(Items from a data source)
---*---

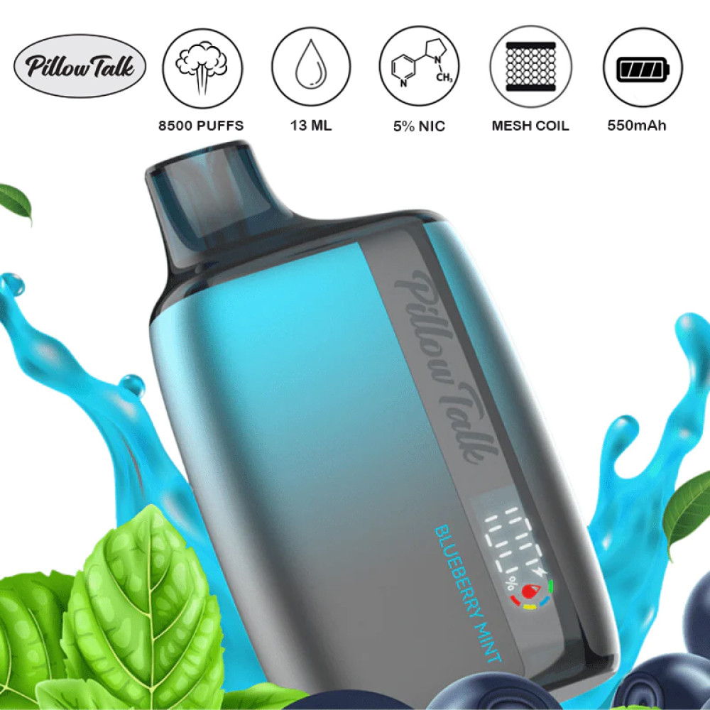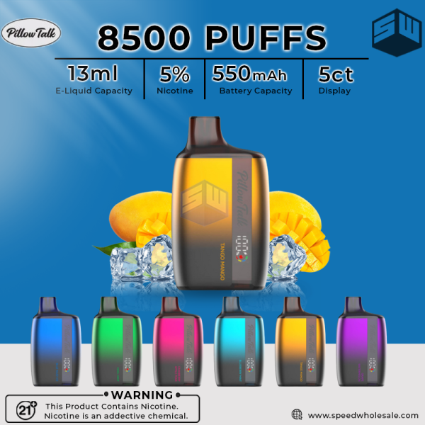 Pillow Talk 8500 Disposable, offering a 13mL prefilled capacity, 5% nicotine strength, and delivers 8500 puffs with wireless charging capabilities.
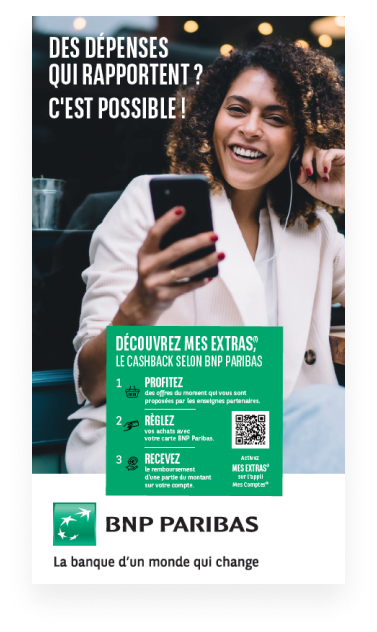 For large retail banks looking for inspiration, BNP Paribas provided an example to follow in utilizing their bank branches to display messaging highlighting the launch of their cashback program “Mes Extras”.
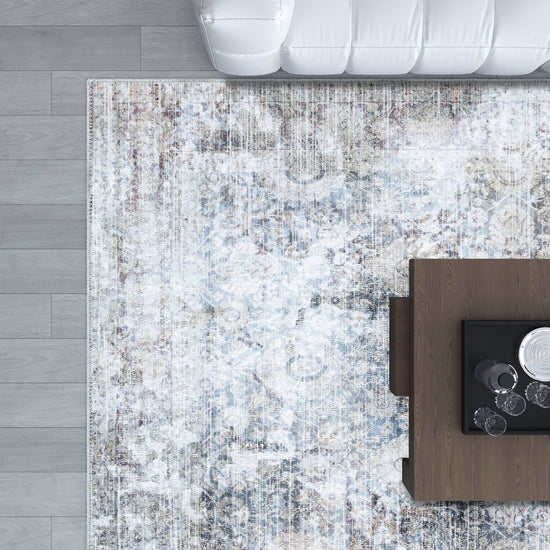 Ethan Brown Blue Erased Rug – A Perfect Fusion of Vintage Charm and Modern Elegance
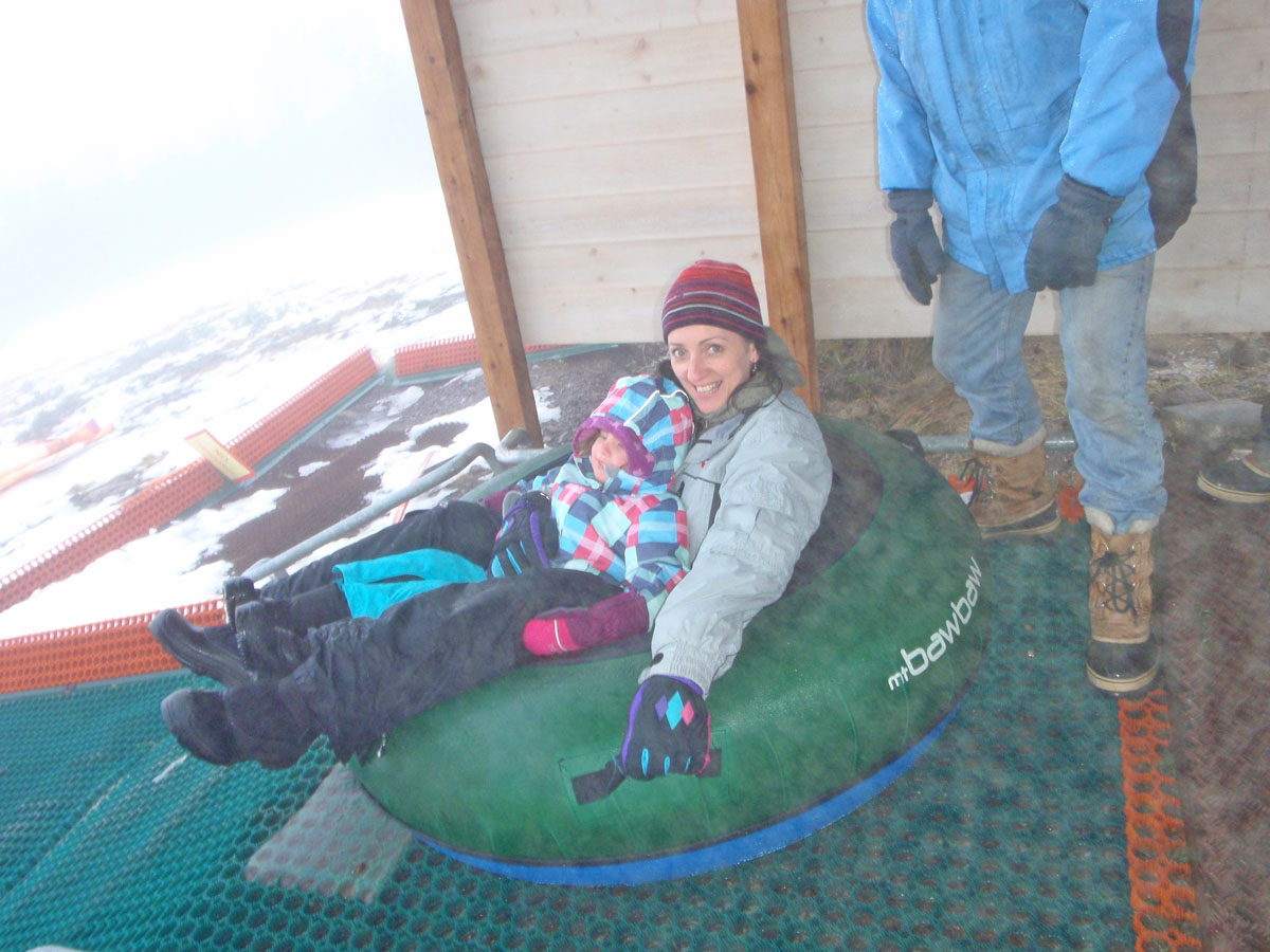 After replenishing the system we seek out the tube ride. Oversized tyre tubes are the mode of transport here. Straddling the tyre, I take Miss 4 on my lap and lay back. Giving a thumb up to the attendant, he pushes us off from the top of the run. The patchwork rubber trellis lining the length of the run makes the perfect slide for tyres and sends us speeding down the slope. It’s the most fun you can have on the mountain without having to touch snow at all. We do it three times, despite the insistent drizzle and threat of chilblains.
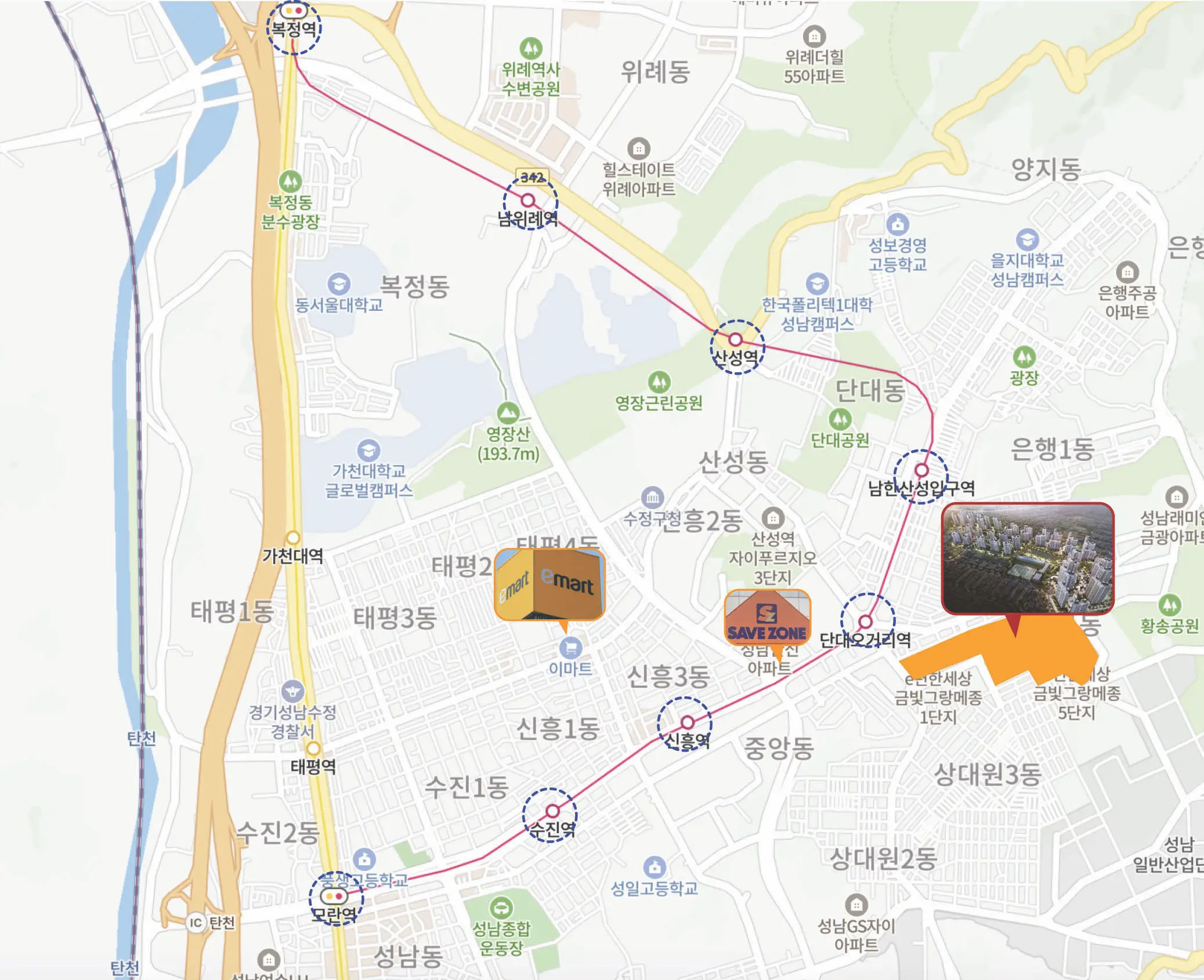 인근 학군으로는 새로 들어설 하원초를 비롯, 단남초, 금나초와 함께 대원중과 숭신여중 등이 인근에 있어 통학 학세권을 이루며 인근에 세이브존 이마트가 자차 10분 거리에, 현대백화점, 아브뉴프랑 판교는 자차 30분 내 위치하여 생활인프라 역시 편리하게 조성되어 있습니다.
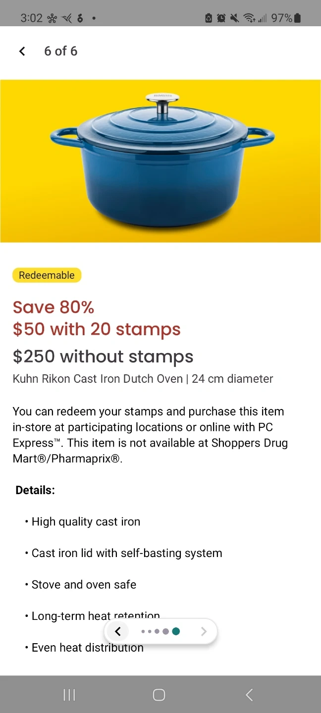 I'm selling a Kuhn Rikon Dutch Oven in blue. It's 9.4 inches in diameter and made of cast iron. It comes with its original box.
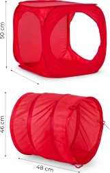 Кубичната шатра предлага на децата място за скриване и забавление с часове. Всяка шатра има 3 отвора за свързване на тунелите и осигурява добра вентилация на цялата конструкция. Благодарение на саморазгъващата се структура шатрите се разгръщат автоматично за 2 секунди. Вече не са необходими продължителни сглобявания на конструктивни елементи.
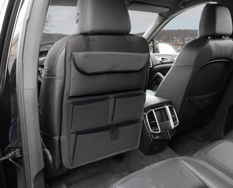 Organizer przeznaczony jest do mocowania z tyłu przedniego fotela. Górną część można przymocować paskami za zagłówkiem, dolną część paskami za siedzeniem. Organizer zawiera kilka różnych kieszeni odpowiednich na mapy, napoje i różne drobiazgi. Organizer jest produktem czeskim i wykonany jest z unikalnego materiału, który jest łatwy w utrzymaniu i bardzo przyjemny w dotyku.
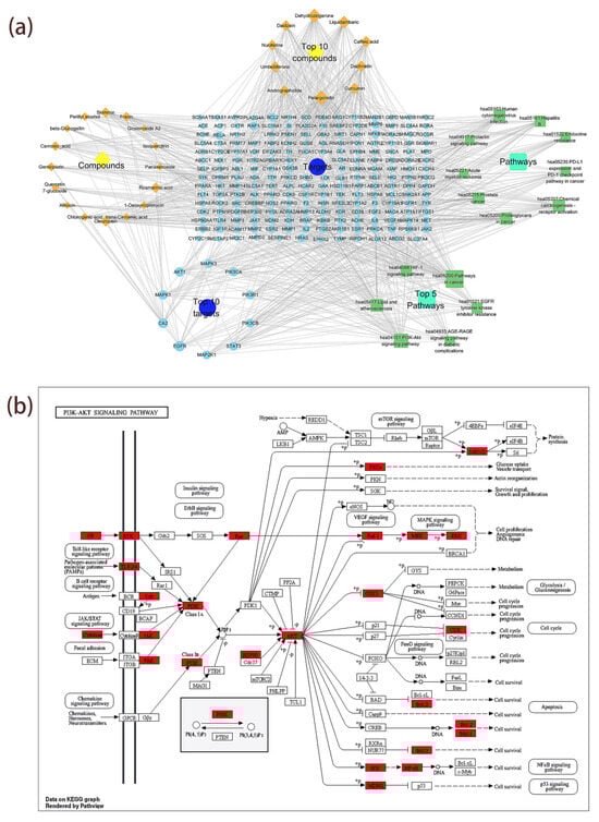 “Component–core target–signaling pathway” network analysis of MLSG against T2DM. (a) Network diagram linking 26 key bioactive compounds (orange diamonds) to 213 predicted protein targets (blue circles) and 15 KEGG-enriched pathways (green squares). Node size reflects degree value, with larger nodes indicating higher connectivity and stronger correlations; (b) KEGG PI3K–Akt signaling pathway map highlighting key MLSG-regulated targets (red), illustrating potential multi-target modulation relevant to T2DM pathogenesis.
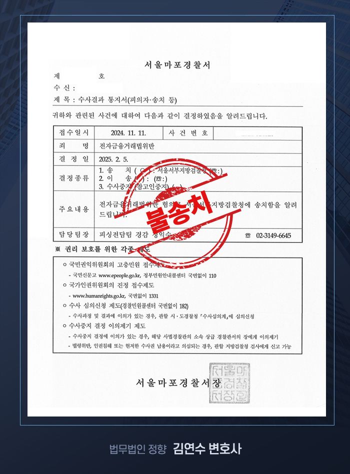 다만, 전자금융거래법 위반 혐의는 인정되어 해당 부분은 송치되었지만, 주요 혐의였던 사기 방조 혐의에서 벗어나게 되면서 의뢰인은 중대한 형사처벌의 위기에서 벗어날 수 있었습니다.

---*---

Apart from the pictures, which are to be omitted, every record must be transcribed exactly.

 Pillow Talk 8500 Disposable, offering a 13mL prefilled capacity, 5% nicotine strength, and delivers 8500 puffs with wireless charging capabilities.
 For large retail banks looking for inspiration, BNP Paribas provided an example to follow in utilizing their bank branches to display messaging highlighting the launch of their cashback program “Mes Extras”.
 Ethan Brown Blue Erased Rug – A Perfect Fusion of Vintage Charm and Modern Elegance
 After replenishing the system we seek out the tube ride. Oversized tyre tubes are the mode of transport here. Straddling the tyre, I take Miss 4 on my lap and lay back. Giving a thumb up to the attendant, he pushes us off from the top of the run. The patchwork rubber trellis lining the length of the run makes the perfect slide for tyres and sends us speeding down the slope. It’s the most fun you can have on the mountain without having to touch snow at all. We do it three times, despite the insistent drizzle and threat of chilblains.
 인근 학군으로는 새로 들어설 하원초를 비롯, 단남초, 금나초와 함께 대원중과 숭신여중 등이 인근에 있어 통학 학세권을 이루며 인근에 세이브존 이마트가 자차 10분 거리에, 현대백화점, 아브뉴프랑 판교는 자차 30분 내 위치하여 생활인프라 역시 편리하게 조성되어 있습니다.
 I'm selling a Kuhn Rikon Dutch Oven in blue. It's 9.4 inches in diameter and made of cast iron. It comes with its original box.
 Кубичната шатра предлага на децата място за скриване и забавление с часове. Всяка шатра има 3 отвора за свързване на тунелите и осигурява добра вентилация на цялата конструкция. Благодарение на саморазгъващата се структура шатрите се разгръщат автоматично за 2 секунди. Вече не са необходими продължителни сглобявания на конструктивни елементи.
 Organizer przeznaczony jest do mocowania z tyłu przedniego fotela. Górną część można przymocować paskami za zagłówkiem, dolną część paskami za siedzeniem. Organizer zawiera kilka różnych kieszeni odpowiednich na mapy, napoje i różne drobiazgi. Organizer jest produktem czeskim i wykonany jest z unikalnego materiału, który jest łatwy w utrzymaniu i bardzo przyjemny w dotyku.
 “Component–core target–signaling pathway” network analysis of MLSG against T2DM. (a) Network diagram linking 26 key bioactive compounds (orange diamonds) to 213 predicted protein targets (blue circles) and 15 KEGG-enriched pathways (green squares). Node size reflects degree value, with larger nodes indicating higher connectivity and stronger correlations; (b) KEGG PI3K–Akt signaling pathway map highlighting key MLSG-regulated targets (red), illustrating potential multi-target modulation relevant to T2DM pathogenesis.
 다만, 전자금융거래법 위반 혐의는 인정되어 해당 부분은 송치되었지만, 주요 혐의였던 사기 방조 혐의에서 벗어나게 되면서 의뢰인은 중대한 형사처벌의 위기에서 벗어날 수 있었습니다.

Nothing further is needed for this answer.